Requirement: Please output the data exactly, minus pictures.

Exercise data below:

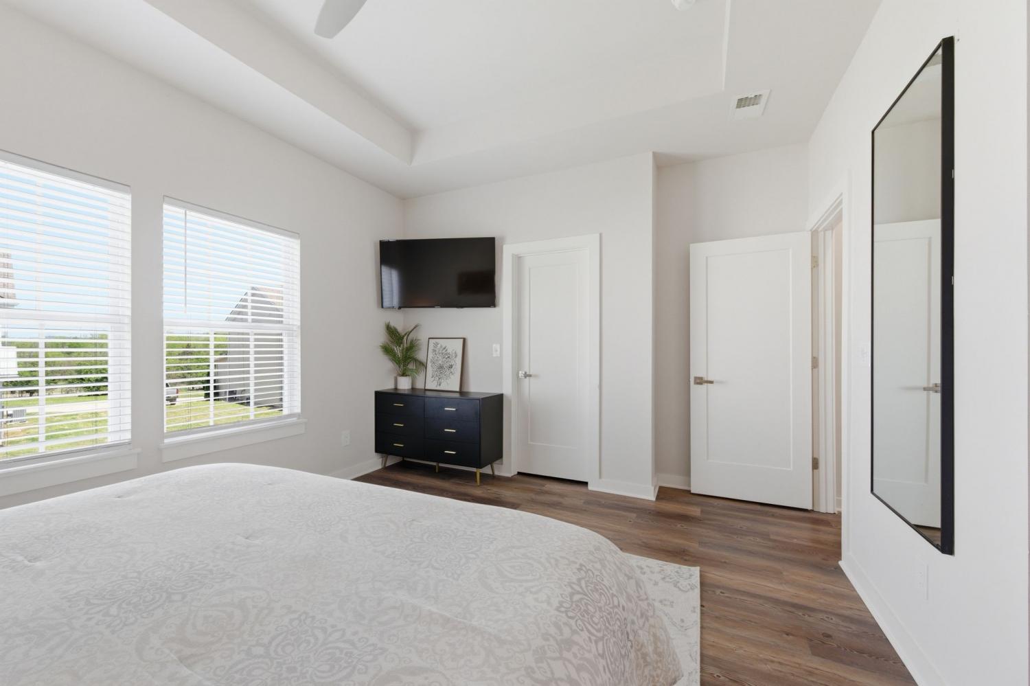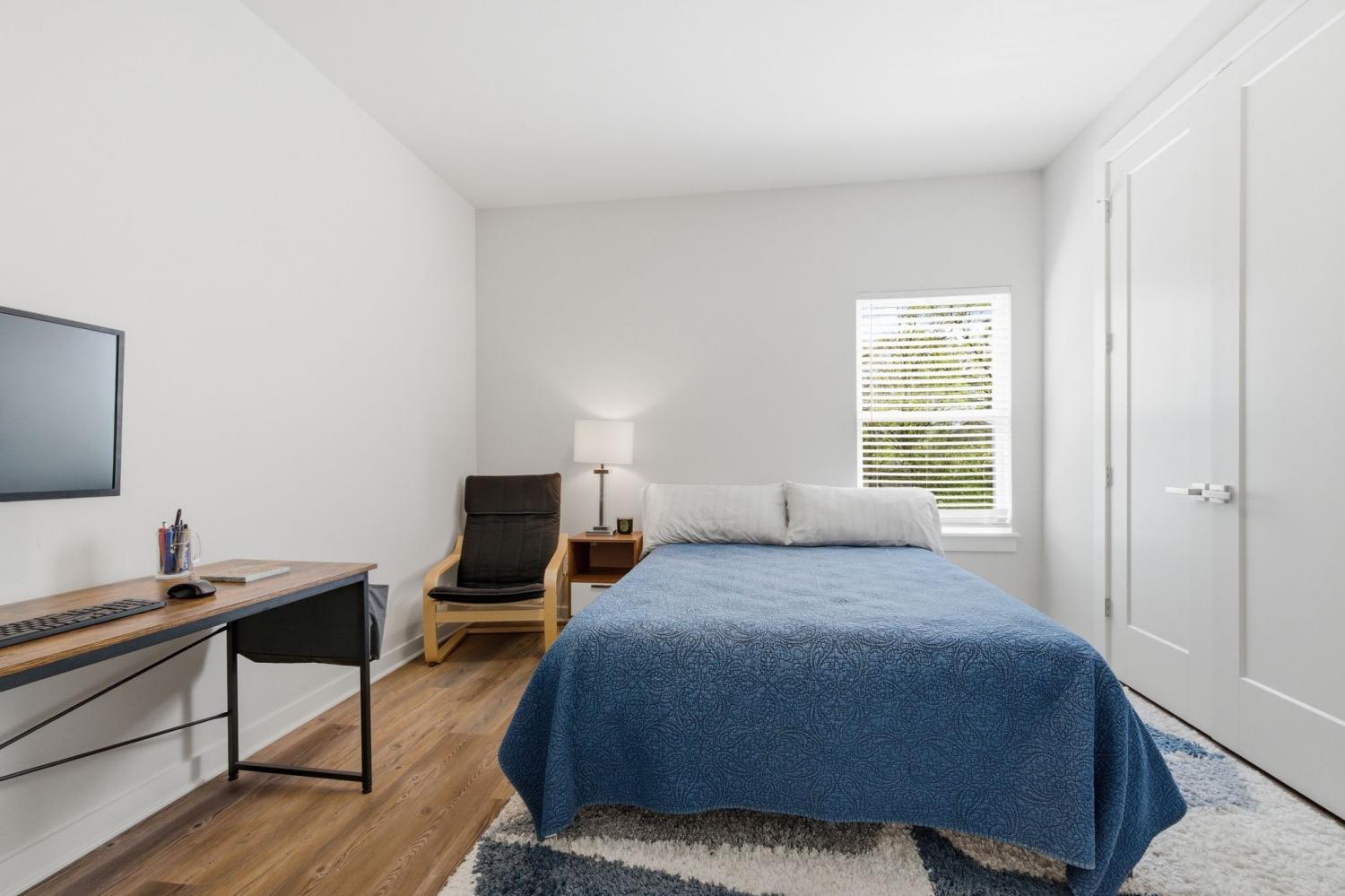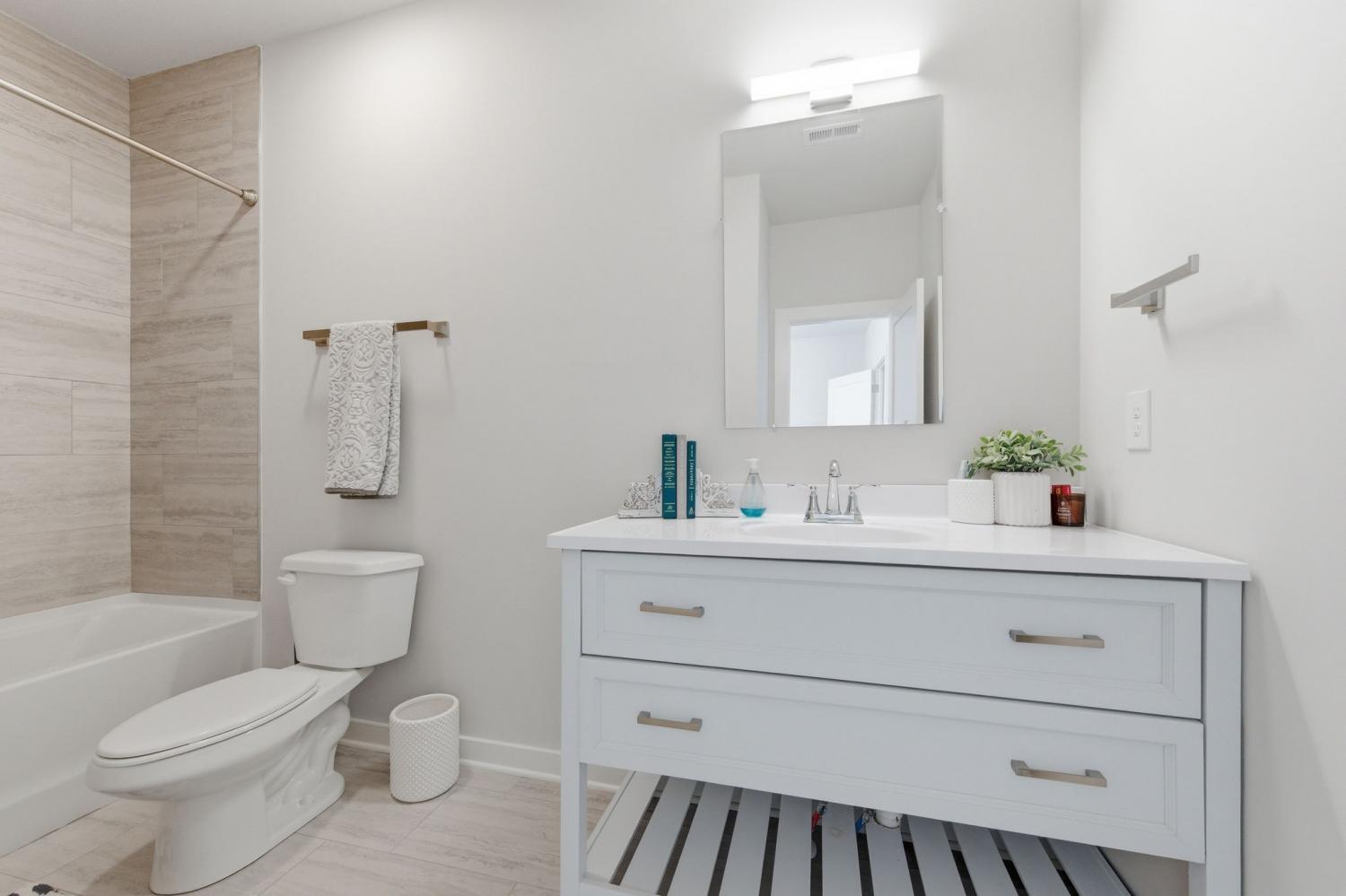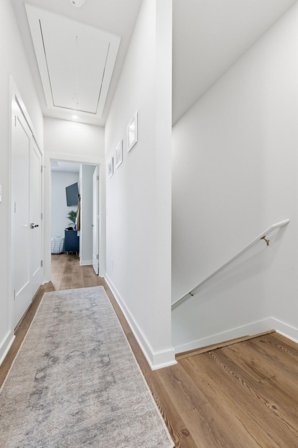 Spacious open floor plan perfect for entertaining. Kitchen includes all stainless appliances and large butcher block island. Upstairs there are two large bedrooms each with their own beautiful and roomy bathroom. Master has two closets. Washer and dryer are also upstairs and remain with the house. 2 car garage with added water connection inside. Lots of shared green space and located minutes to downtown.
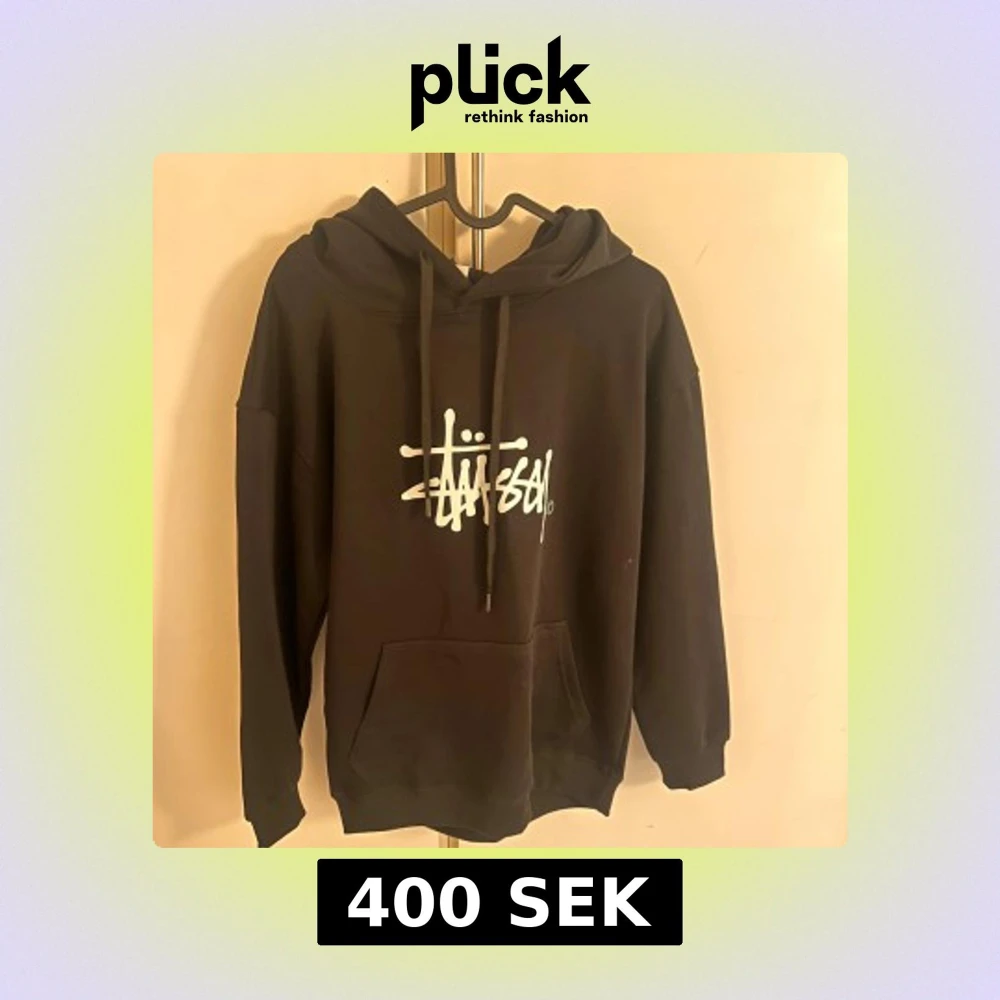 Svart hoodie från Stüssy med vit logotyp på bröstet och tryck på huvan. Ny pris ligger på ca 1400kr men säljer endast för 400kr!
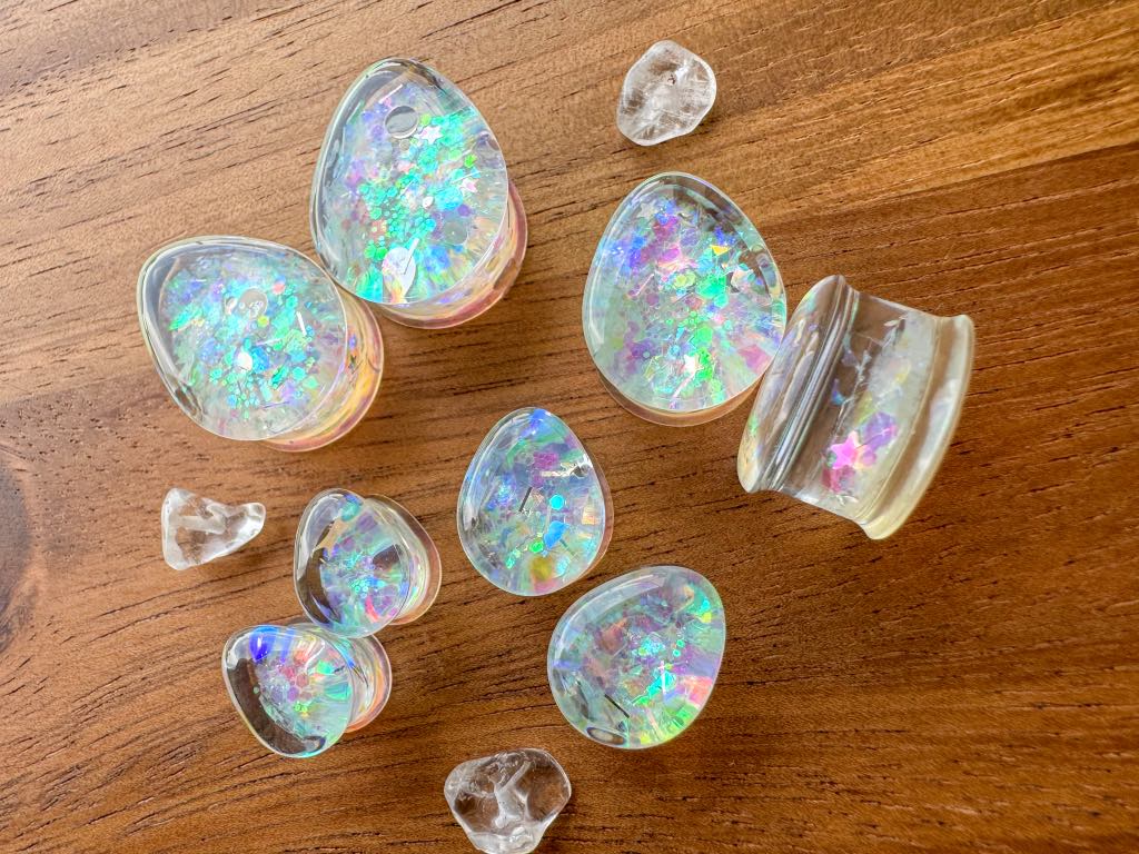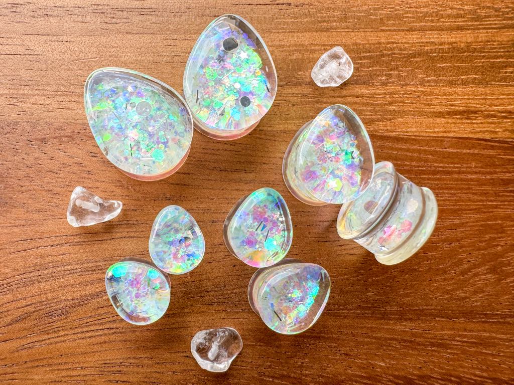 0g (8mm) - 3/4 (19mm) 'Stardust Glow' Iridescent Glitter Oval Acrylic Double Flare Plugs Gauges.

End of Exercise data.

Expected output:
 Spacious open floor plan perfect for entertaining. Kitchen includes all stainless appliances and large butcher block island. Upstairs there are two large bedrooms each with their own beautiful and roomy bathroom. Master has two closets. Washer and dryer are also upstairs and remain with the house. 2 car garage with added water connection inside. Lots of shared green space and located minutes to downtown.
 Svart hoodie från Stüssy med vit logotyp på bröstet och tryck på huvan. Ny pris ligger på ca 1400kr men säljer endast för 400kr!
 0g (8mm) - 3/4 (19mm) 'Stardust Glow' Iridescent Glitter Oval Acrylic Double Flare Plugs Gauges.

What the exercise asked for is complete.